Embora esteja de acordo com o fato de que “as seitas, de modo geral, representam uma busca sincera de milhões de pessoas que procuram respostas para as profundas e legítimas aspirações do espírito humano, que a maioria delas não encontrou nas igrejas estabelecidas”, acredito também que há muito mais para ser dito a respeito. Alguém já observou, aliás, com muita sabedoria, que “quem não toma posição em favor de uma ideia poderá ser levado por qualquer idéia”. Então resolvi posicionar-me dentro das fronteiras do cristianismo bíblico, ensinado pelos apóstolos, defendido pelos pais da igreja, redescoberto pelos reformadores e chamados por alguns de “doutrina dos reformadores”.
Os teólogos liberais se preocupam mais com o modo de atuar das seitas do que com a razão de ser das suas doutrinas, e parecem que adotam como norma de conduta a afirmação de Gamaliel. Devemos nos lembrar, porém, que Gamaliel estava aconselhando os judeus a não se oporem aos cristãos dizendo que “se este conselho ou esta obra vem de homens, perecerá; mas, se é de Deus, não podereis destruí-los” (At 5.38-39).

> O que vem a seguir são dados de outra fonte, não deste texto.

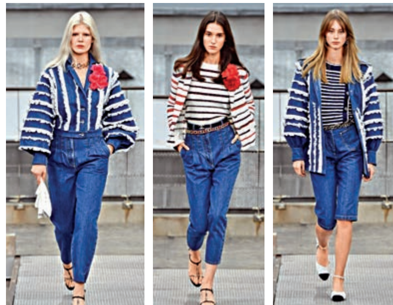
►Chanel今春以牛仔元素作服裝主題

Gucci今春服飾主軸是「極簡」，似乎打破了外界對品牌設計風格貫有的印象。性感曾經是Gucci的代名詞，模特兒分別穿上半身薄紗透膚的黑色洋裝，領口極低的長洋裝，裙襬開高衩的設計，權威感的劍領西裝剪裁，象徵控制、支配意味的皮鞭，膠感手套、子彈造型的唇膏套等。新一季可以看到品牌許多過去風靡一時的設計元素，再度被發揚光大，穿上本季的Gucci，依然可以讓人們做個不一樣的自由美夢，或是努力成為獨特的自己。

Não devemos nos esquecer também de que o conselho dele não constituiu doutrina bíblica, e se o aceitássemos na forma como é expresso, teríamos de crer que o islamismo é “de Deus”, pois experimentou um crescimento rápido e propagou-se vigorosamente por todo o mundo. E também enquadrar nessa mesma categoria o mormonismo (que começou em 1830 com apenas seis pessoas e, atualmente, conta com milhões de adeptos), o que a maioria dos liberais não aceita, embora se digam tão liberais. Não quero dizer com isso que devemos examinar as seitas sob “microscópios eclesiásticos”, mas, sim, à luz da revelação divina que possuímos, a Palavra de Deus, a qual pode pesá-las “na balança de precisão da verdade absoluta”. O Senhor mesmo disse: “Porque se não crerdes que eu sou morrereis nos vossos pecados”. O critério final para se julgar qualquer coisa relacionada a grupos, seitas, crenças, etc., sempre foi e sempre deve ser a pergunta: “Que pensais vós do Cristo? De quem é filho?”.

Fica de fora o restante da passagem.